UK raises farmland inheritance tax threshold to £2.5m
If you’ve been trying to make sense of the farm inheritance tax debate, here’s the update. Ministers have raised the planned threshold from £1m to £2.5m per estate, with the change due to begin in April 2026. If assets pass to a spouse or civil partner first, a farming couple can now pass up to £5m of qualifying assets without paying the new charge. Amounts above the line get 50% relief, which works out as a 20% effective tax on the slice above the threshold.
The shift follows months of farmer protests and unease among some Labour backbenchers. Environment Secretary Emma Reynolds said the government had listened to concerns and wanted to protect ordinary family farms while asking larger estates to contribute more. The timing drew criticism inside Westminster because the announcement landed after MPs had left for the Christmas recess, with one Labour source calling it “bizarre”.
A quick recap helps. In her first Budget in 2024, Chancellor Rachel Reeves said the government would end the 100% relief on agricultural assets that had existed since the 1980s and introduce a 20% charge on inherited amounts above £1m from April 2026. Ministers argued this would shield smaller farms while discouraging wealthy investors from using farmland as a tax shelter. The new decision keeps the start date but lifts the threshold to £2.5m.
How thresholds work is easiest to see with numbers. Imagine a single farmer leaving £3m of qualifying agricultural assets in 2026/27. Under the revised plan, the first £2.5m would be tax‑free. The remaining £500,000 would face an effective 20% charge, creating a £100,000 bill. It’s the amount above the threshold that matters, not the whole estate value.
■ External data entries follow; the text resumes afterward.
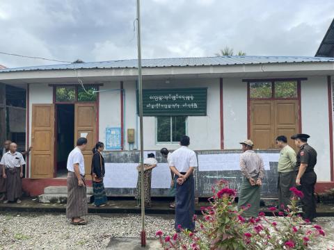 ဖျာပုံခရိုင် ရွေးကောက်ပွဲကော်မရှင်အဖွဲ့ခွဲဥက္ကဋ္ဌနှင့်အဖွဲ့ဝင်များ ကျိုက်လတ်မြို့နယ်တွင် ပထမအကြိမ်မဲစာရင်း ကြေညာထားရှိမှုအား ကြည့်ရှုစစ်ဆေး
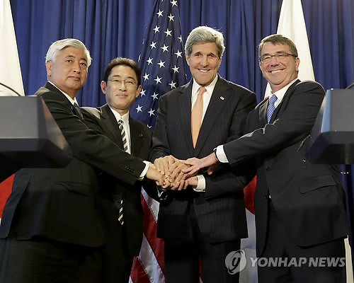 | △ 미일 양국은 지난달 새 미·일 방위협력지침(가이드라인)을 확정했다.(AP=연합뉴스 자료사진) |
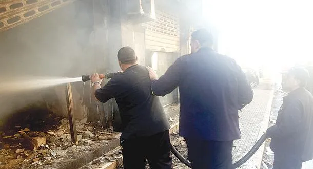 رجلا إطفاء لبنانيان يحاولان السيطرة على حريق شب في أحد المباني بعد مواجهات بين حزب الله ومسلحين في بعلبك أمس (أ.ف.ب)
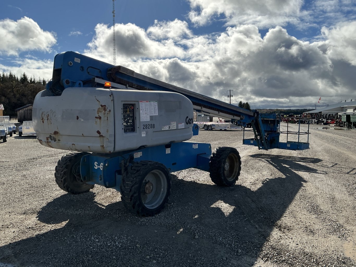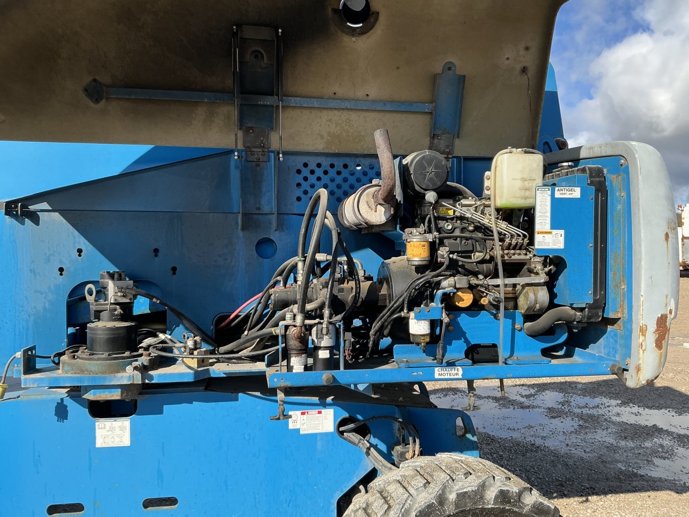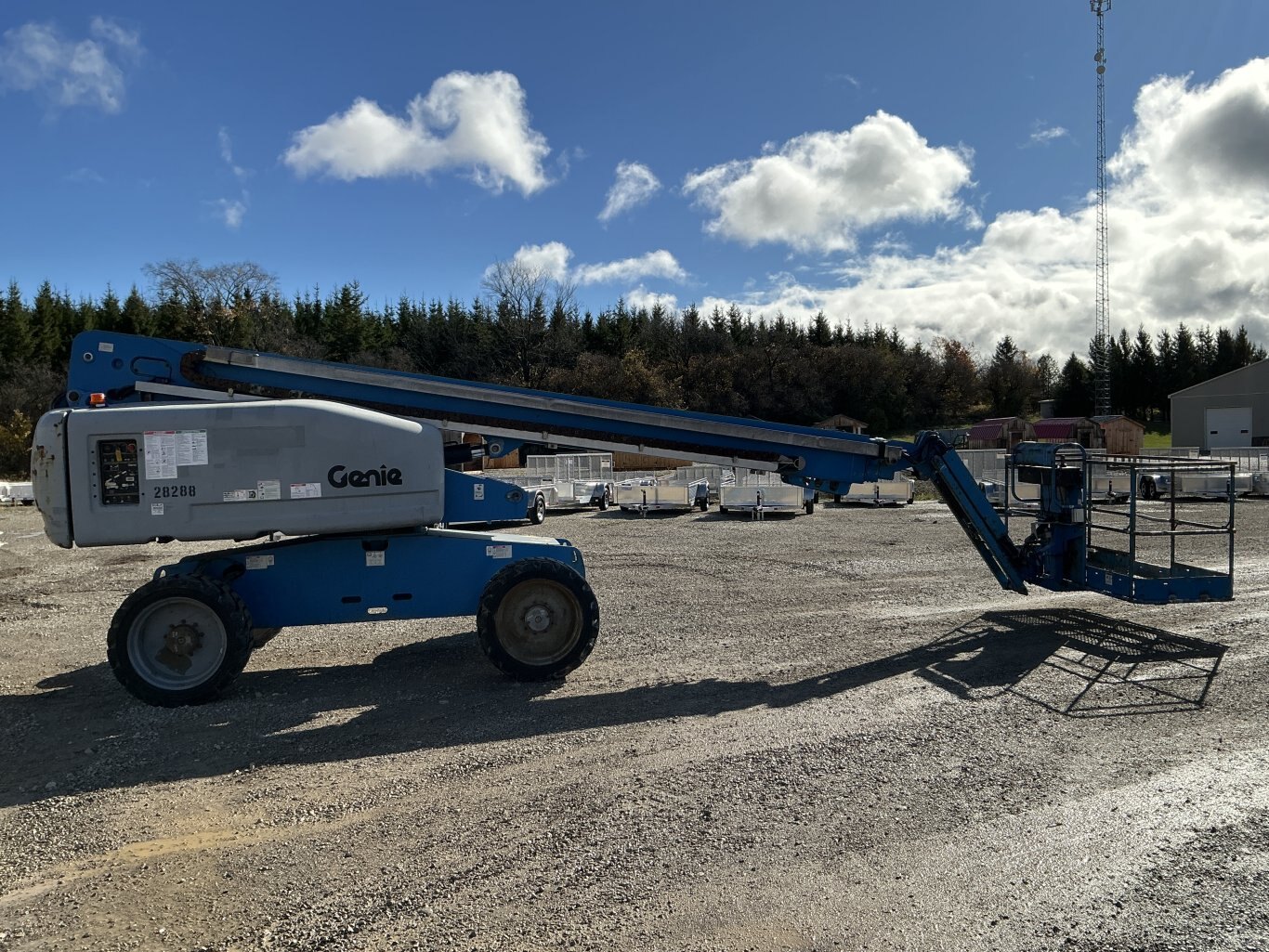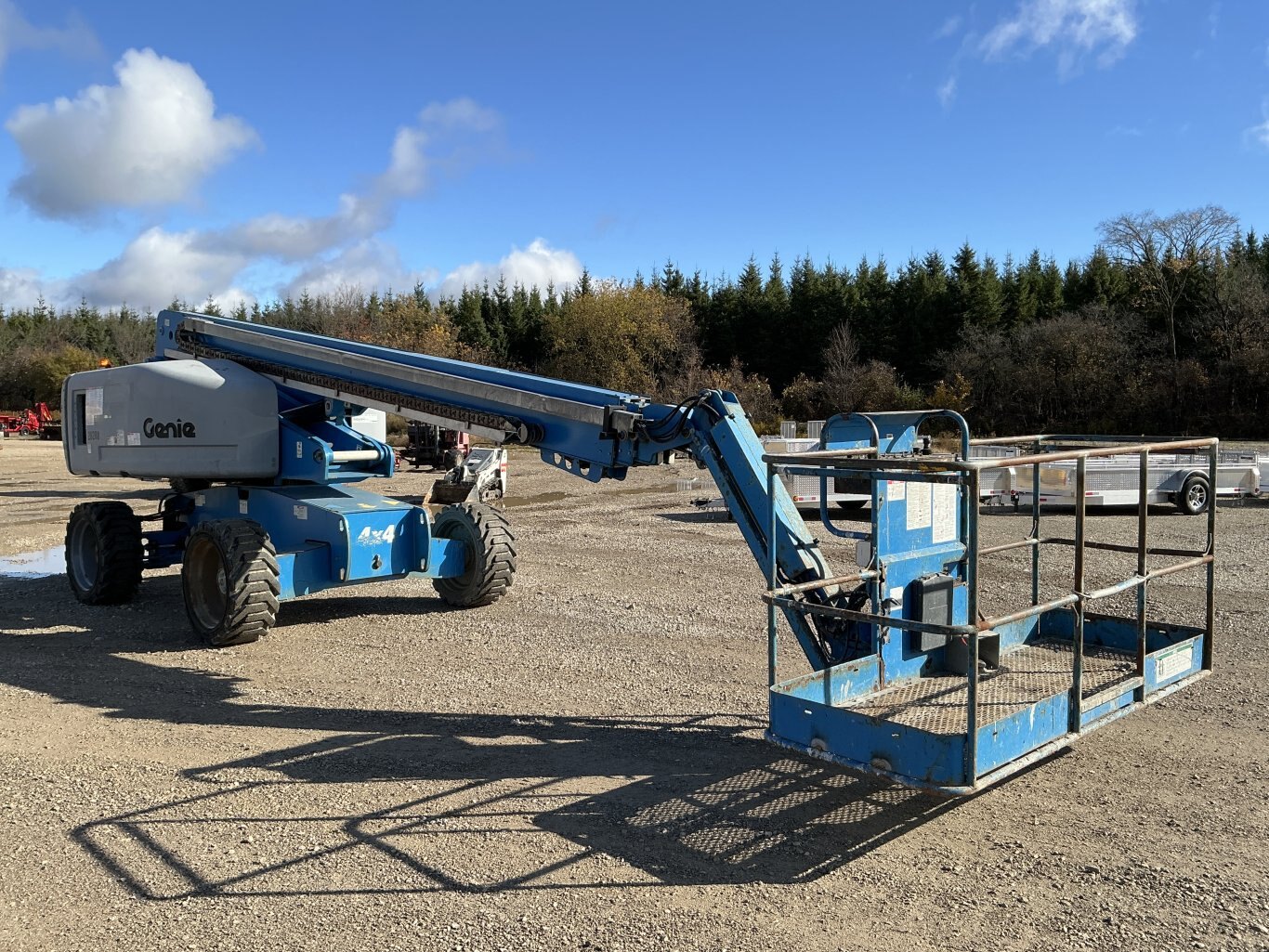 2012 Genie S-65 straight boom with jib. This boom lift has a platform height of 65 feet giving 71 feet working height and 56 feet outreach. 4WD driveline and powered by a Perkins diesel engine. Machine weighs around 23,000 lbs. Hour meter shows 4418.

Now consider a farming couple. Because assets can be passed to a spouse or civil partner tax‑free on first death, together they could pass up to £5m of qualifying assets to the next generation without paying this new charge. Anything above £5m would be taxed at the same effective 20% rate on the excess. This is why the spouse exemption changes outcomes so much for families running a farm as a joint enterprise.
The government’s own modelling suggests the change will cut the number of estates paying more inheritance tax in 2026/27 from about 2,000 under the original plan to roughly 1,100 under the new proposal. A Treasury source says raising the threshold will cost around £130m and that there are no plans to scrap the reform entirely.
Farm groups welcomed the easing but said problems remain. The National Farmers’ Union told BBC Radio 5 Live the move takes many family farms out of “the eye of a pernicious storm”. The Country Land and Business Association said ministers deserved credit for changing course but warned that many businesses own enough land and machinery to breach £2.5m while operating on narrow margins.
On the ground, farmers echoed that blend of relief and caution. One Derbyshire farmer told the BBC the change was a step in the right direction and argued that family farms should be spared while investment‑led land holdings shoulder more. This tension between active farming and passive investment is a big part of the public conversation.
Politics has been lively too. A recent vote saw a dozen Labour backbenchers abstain and one MP, Markus Campbell‑Savours, vote against; he was later suspended and now sits as an independent. Conservative leader Kemi Badenoch said the fight is not over, Liberal Democrat MP Tim Farron called the uncertainty “inexcusable”, and Reform UK’s Richard Tice urged ministers to scrap the measure outright.
For learning purposes, separate two ideas. Thresholds decide who is affected; rates decide how much is paid. In this case, the threshold is now £2.5m per estate for qualifying agricultural assets, and the effective rate above that slice is 20%. Understanding that pairing helps you read claims on social media with more confidence.
It’s also useful to hold two truths at once. Ministers say the reform targets very large estates and aims to curb tax‑driven land purchases. Farm groups counter that valuations have surged, so ordinary working farms can cross the line once you add land, buildings and machinery. Both points can be valid, which is why the exact threshold matters so much.
What to watch next. The April 2026 start date remains, so families have more than a year to plan. Expect detailed guidance to clarify what counts as qualifying agricultural assets, how mixed‑use holdings are treated, and what evidence is needed for valuations. If you’re studying tax, track those definitions-they’re the fine print that decides who actually pays.